Maintaining Public Trust in the Governance of Migration
Governments around the world face increasingly complex migration management challenges at a time of plummeting public support. These two trends are inextricably linked. As Europe’s current refugee crisis illustrates, the difference between success and failure can often hinge on the ability of policymakers to win public trust.
When there is little or no trust in a government’s ability to manage immigration, the capacity to test creative immigration and integration ideas—and build a system that learns from its own experiences, and particularly its mistakes—is severely curtailed, and the penalties for missteps become disproportionately higher.
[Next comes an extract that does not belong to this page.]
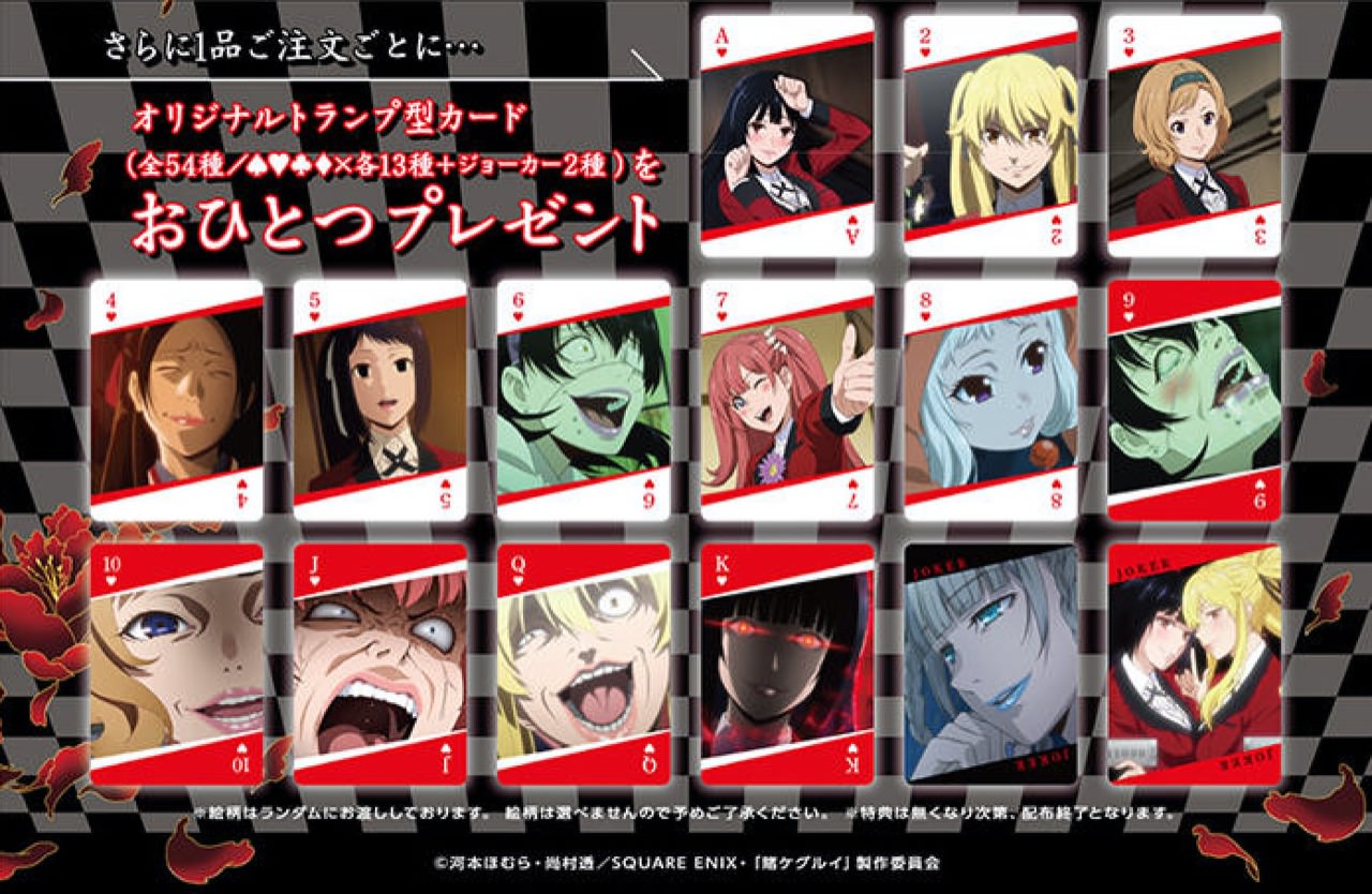 TVアニメ「賭ケグルイ」 × カラオケの鉄人とのコラボレーションが2017年9月15日〜11月5日の期間限定で開催されます!!トランプ風カードが貰えるコラボメニューや課題曲パックプランの販売が実施されます。課題曲で条件を満たせばノベルティーコンプリートセットのGETチャンスも!!コラボ開催店舗は、池袋東口店 / 池袋西口店 / 新宿歌舞伎町店 / 新宿大ガード店 / 渋谷道玄坂店 / 神田西口駅前店 / 町田店となっています。

Conversely, winning and maintaining public confidence allow policymakers the political and management space to experiment and maneuver, while mitigating the penalty for the occasional “failure”—inevitable in any complex system.
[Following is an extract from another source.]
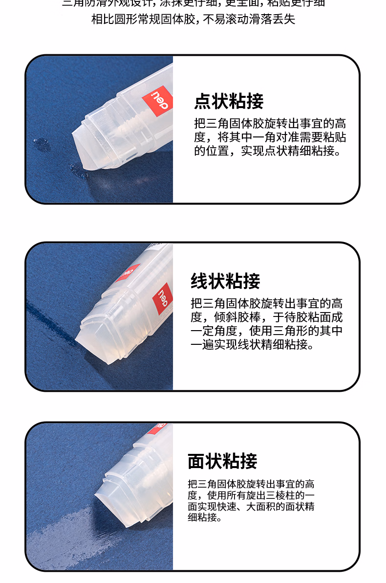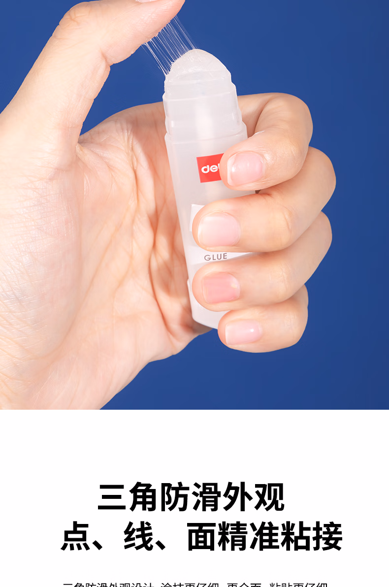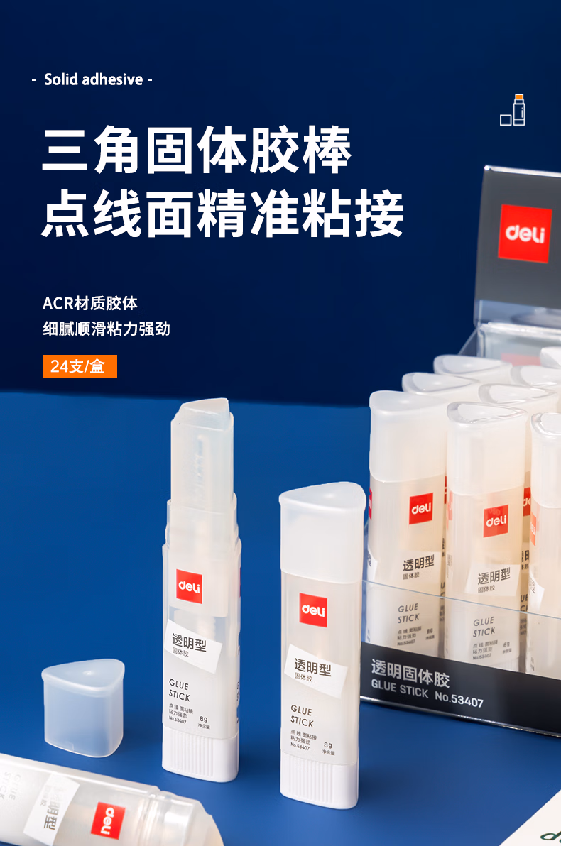 包装清单  :   得力(deli)8gACR三角固体胶水 高粘无甲醛透明胶棒 点线面强力粘接 DIY手工学生文具 单支 办公用品 53407

Public confidence hinges on not just concrete policies and their results, but also on how government activities and outcomes are interpreted and presented to the public, as a new Transatlantic Council on Migration report by MPI Distinguished Senior Fellow and President Emeritus Demetrios G. Papademetriou makes clear.
In Maintaining Public Trust in the Governance of Migration, Papademetriou outlines the principal challenges to public trust that policymakers face—including both external forces as well as the structure of government itself—and reflects on why it is so crucial for immigration policymakers to win back public confidence.
While politicians and public servants responsible for migration cannot control external factors—such as global conflict, instability, and vast opportunity differentials that may give rise to large-scale migration—they can address a host of interlinked governance challenges that affect how an immigration system is perceived by the public.
Creating an honest but nuanced narrative about immigration and how it benefits society at large—coupled with straightforward explanations of the tradeoffs that certain decisions require, and thoughtful policies to address the inevitable losers from immigration—is essential to gaining and maintaining trust in the immigration system.
The report is the third in a Transatlantic Council series that examines the drivers of anxiety that often surround immigration and explores the conditions under which these can be addressed. The first publication in this series examines how religious difference is managed across the Atlantic in fundamentally different ways, and the second describes public opinion on immigration in the United Kingdom.